Not interested in politics? Not interested in how the government spends its time - and your money? Really? Think we live in a nice, quiet, safe country where all is right with the world? The government is benevolent and doing its best to deliver all the things it claims to? Think it lives up to our Constitution? Think it cares about all the people who live in South Africa? Think there is no reason to be concerned with anything to do with politics?
Who is still naive enough to think we aren't already living in a police state? Come on, don't be shy - put your hands up.
Think about it for a moment.
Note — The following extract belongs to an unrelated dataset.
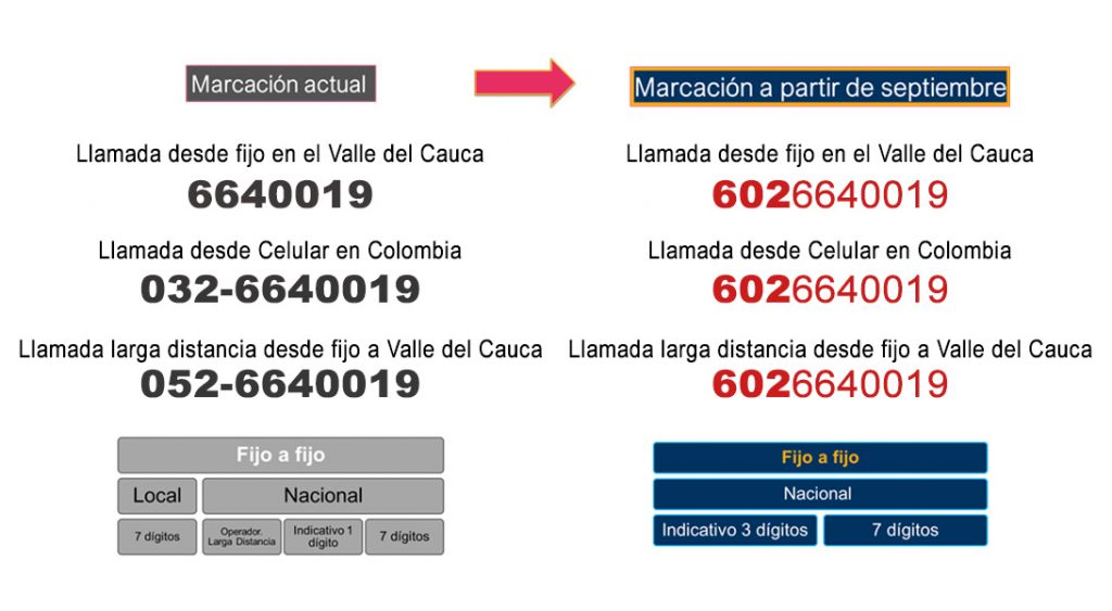 Desde el 1 de septiembre de 2021, se implementará la marcación única nacional en Colombia, para unificar la longitud de los números telefónicos fijos y móviles a 10 dígitos, simplificando el acceso a los servicios e impulsando la transformación y modernización de las redes fijas.

No, really.
The South African Police "Service" have resumed the use of a military rank system - and their "General" has told them for all intents and purposes to shoot first and ask questions later - and to shoot to kill. People accused of crimes, innocent or not, spend years in prison awaiting trial. The recent spate of police brutality and excessive force and unjustifiable violence has resulted in comparisons between the current Police "Service" and the old Apartheid-era Police "Force" - and these comparisons have been made not just by the average citizen - but also by those formerly oppressed by the old Police Force. Looking at it closely, one can understand perfectly why.
Two weeks back, a local activist in Ficksburg was brutally assaulted and then shot dead by a group of policemen in riot gear - this despite the fact that the man was not even resisting them. The fact that this transpired openly in front of press cameras and journalists, speaks of a shameful devaluation of human life and threatens to redefine the term "transparency". Last week, an unarmed civilian was shot dead by a policeman in the street outside a police station while in her private vehicle, apparently after colliding with a parked police vehicle. It is as though the average police officer these days doesn't care a damn what they do and who sees it and knows about it - because the "boss" said it is "okay" and they are after all, "only doing their job". Also last week, it was reported that a policeman at a crime scene refused to call an ambulance for a wounded victim despite repeated pleas to do so because "she was going to die anyway". And yes, the victim did die - but who made this policeman an expert in the medical field? The fact that she did die doesn't prove him right - if anything, it makes him complicit. So first we had "shoot to kill" - now we have cops who think they are qualified to decide whether shooting victims will die or not. We now have police officers who seem to think they are the law and they are above it.